* Problem details
Your reply should set down word for word each line below from the one with "Дорожный знак остановки на Байкале" through the final line, both included, but none of the pictures.

* The data
== Segment start ==

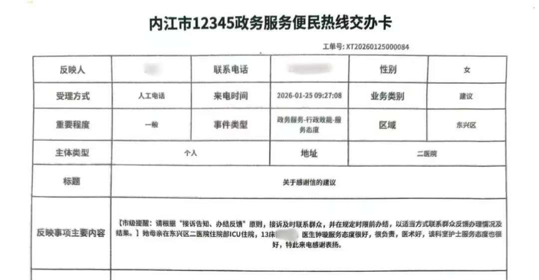 近日,内江市12345政务服务便民热线接到了一通满怀感激的来电。市民王女士特意致电,恳切表扬内江市第二人民医院重症医学科钟璇医生及全体医护人员。这通电话的背后,是一个关于生命奇迹、医者仁心与家庭温暖的动人故事。
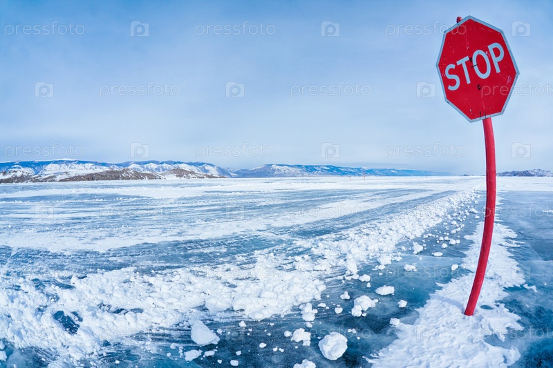 Дорожный знак остановки на Байкале
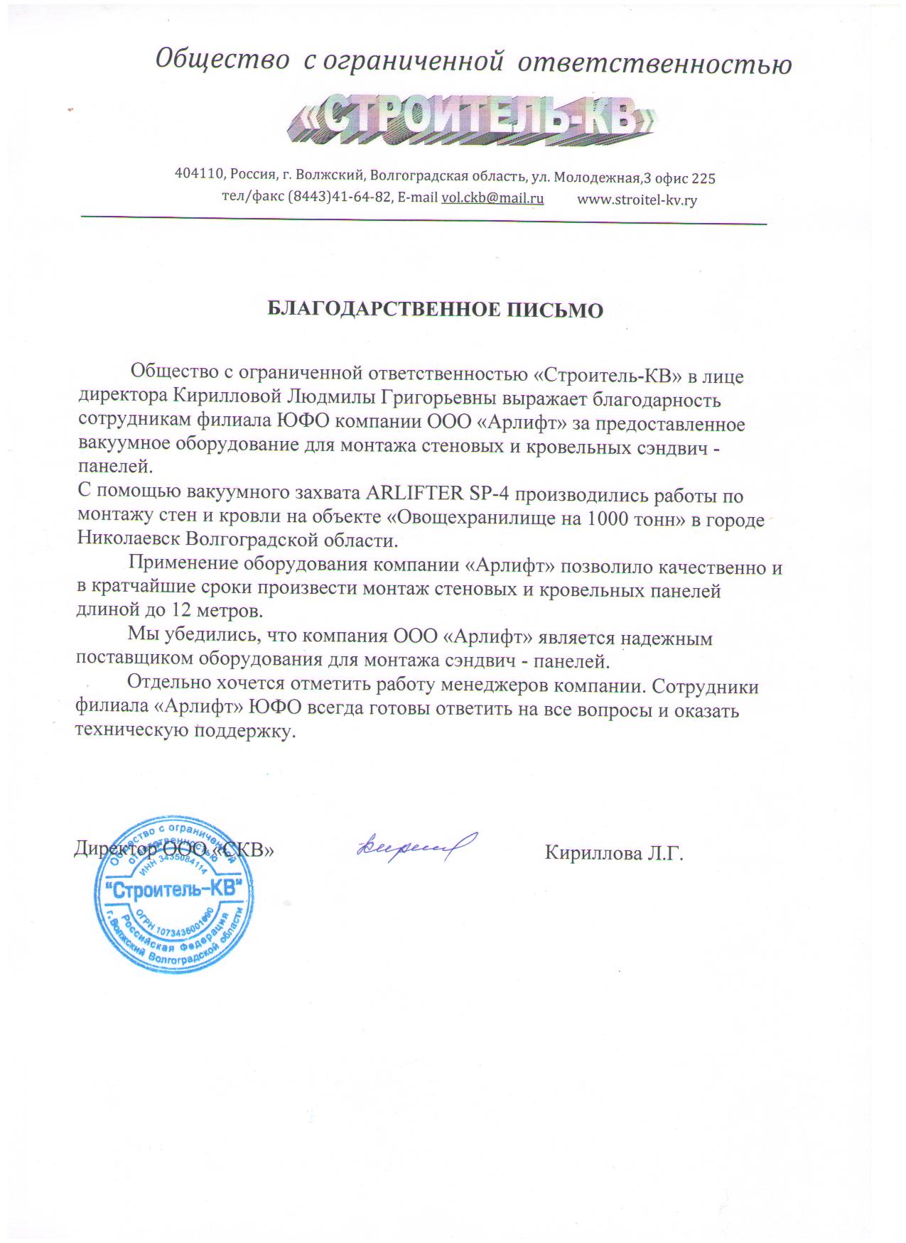 Отзыв от ООО "Строитель-КВ"

== Segment end ==

* Solution for this problem
 Дорожный знак остановки на Байкале
 Отзыв от ООО "Строитель-КВ"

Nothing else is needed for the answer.